The ridgid stuff is crap, and I don't know what you mean about price, most guys tell me they buy it because it's half of what a dewalt would be. One guy at work told me he paid like $199 for a ridgid 4 piece kit over the holidays and was offering it up fo rsale yesterday. I have all three of the Bosch 10.8's I love the impactor and other than the battery issue I have used little since I got them. The I driver is fantastic when you need it.


----------



## gilbequick (Oct 6, 2007)

I've got the Impactor and the I-Driver, I use the I-Driver more than than the other. I use em both everyday. The impactor has a good bit of power for it's size but when it really puts on the torque it goes very slow, so with the impact feature it spins kind of choppy.
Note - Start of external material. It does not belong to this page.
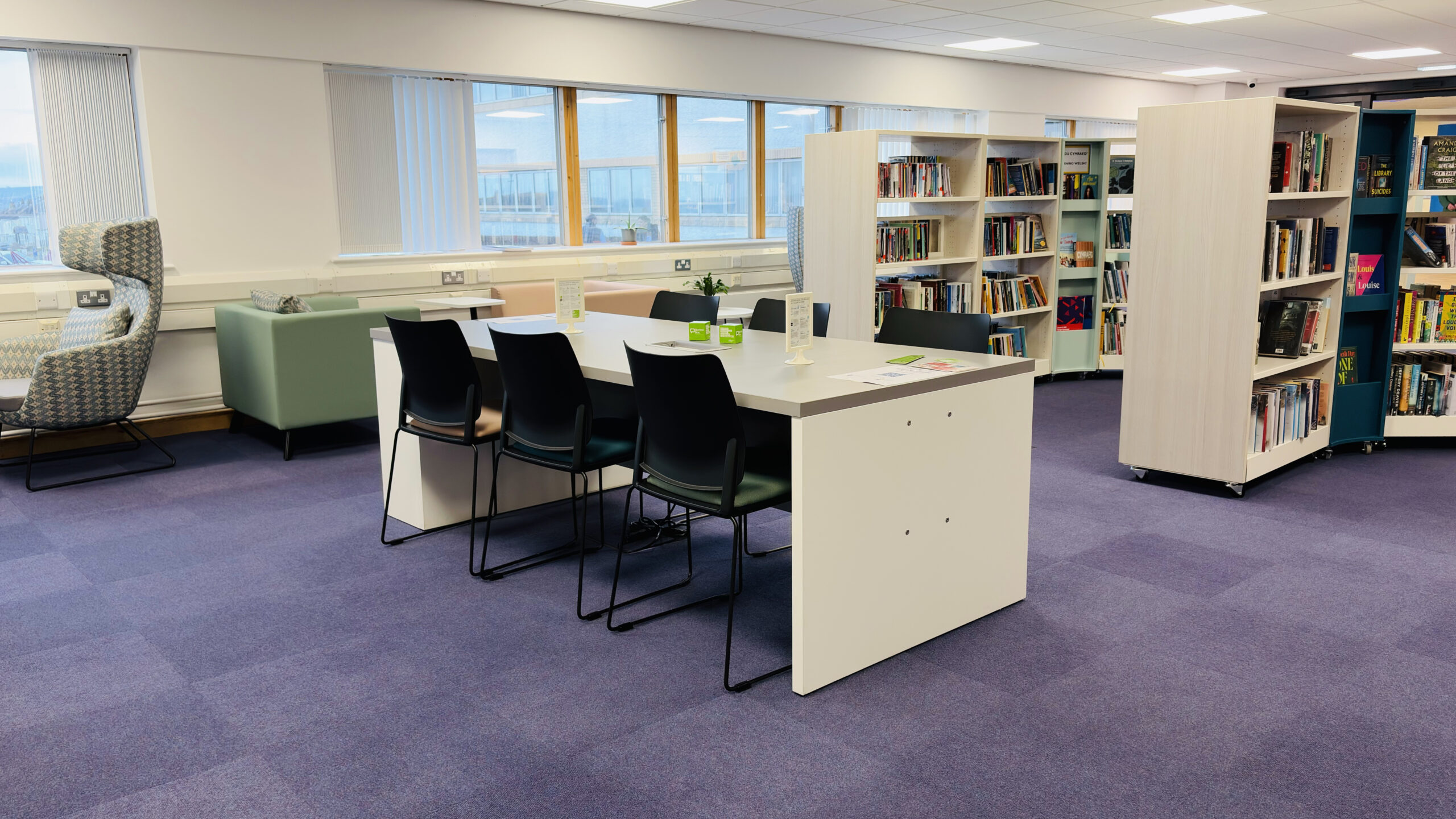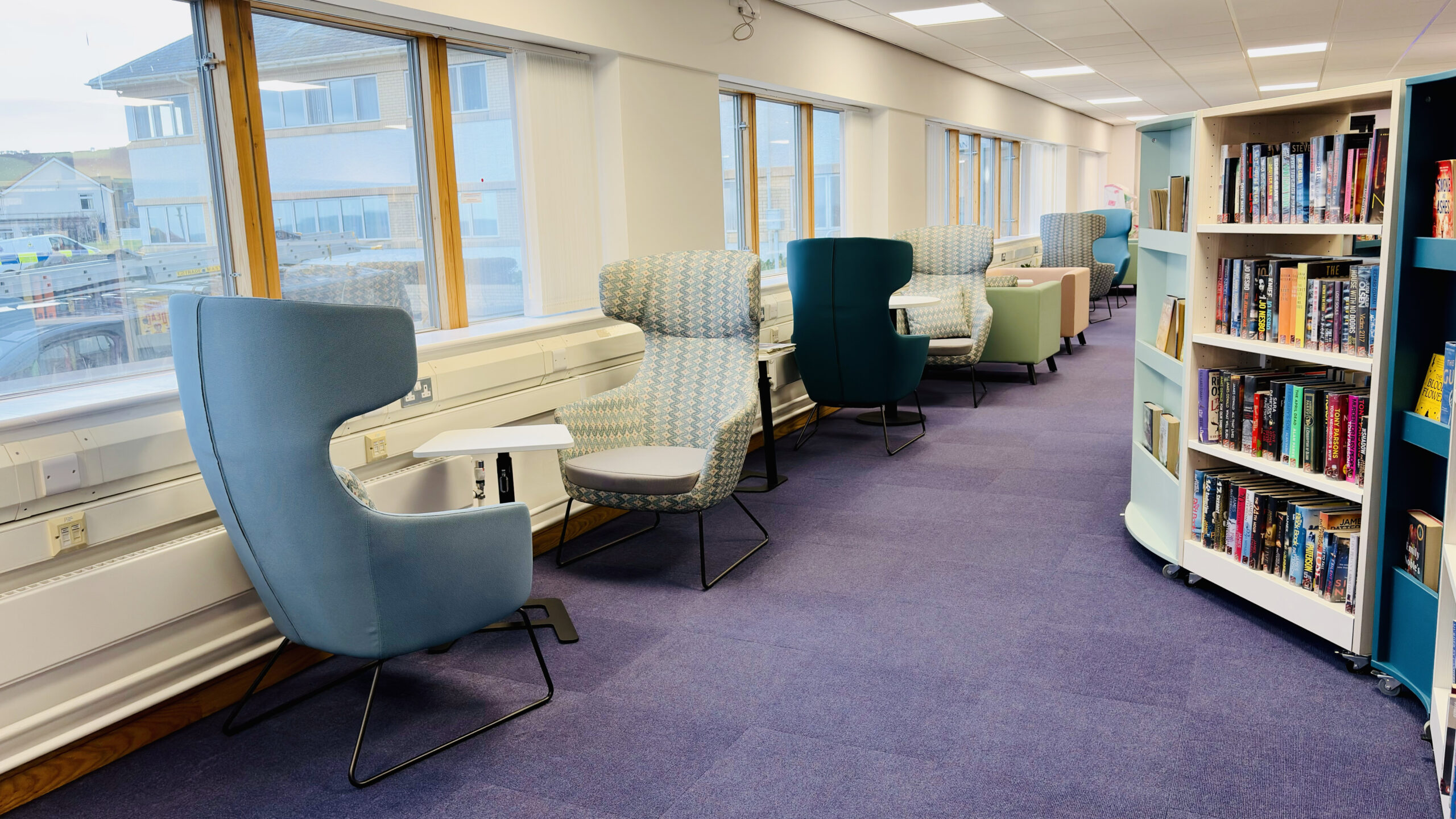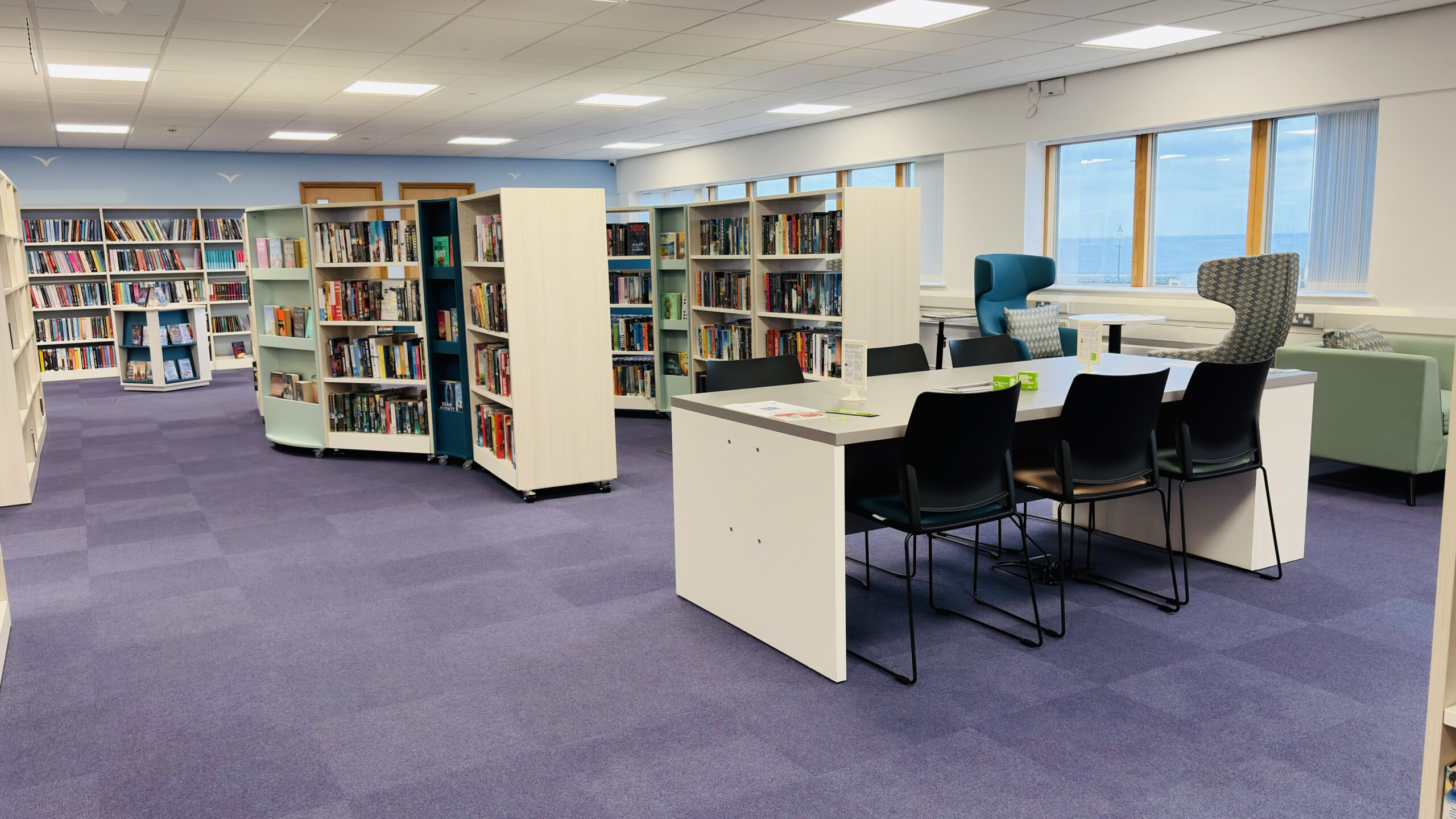 One of the standout features of the new library is the beach‑hut‑themed children’s area, a playful nod to the colourful architectural style found throughout the town. The back wall features bespoke coastal‑themed graphics, creating an immersive environment that sparks curiosity and imagination.

The i-driver is much more smooth and has plenty of power for light duty stuff. They both (like any tool) has limitations on their practical uses, but they're both great little drills.


----------



## gilbequick (Oct 6, 2007)

About the ridgid: yeah it's got more power but it's bigger and weighs TWICE as much. 

I used to be a big rigid fan, but after reading up at ridgid's very own manufacturer's forums there are *A LOT *of complaints about reliability and that lifetime warranty takes a good bit of work to get enforced.


----------



## chenley (Feb 20, 2007)

Got the Provantage service program information today in the mail. Seems to be pretty damn good. Just call a number they send a replacement and you send the other one back in the same box. I'm loving the fact that the battery packs are covered for two years. May start buying Bosch tools again. 

This is the first Bosch tool I've bought for three years since my hammer drill bit the dust. Have been buying DeWalt and have had no problems out of any of their tools.


----------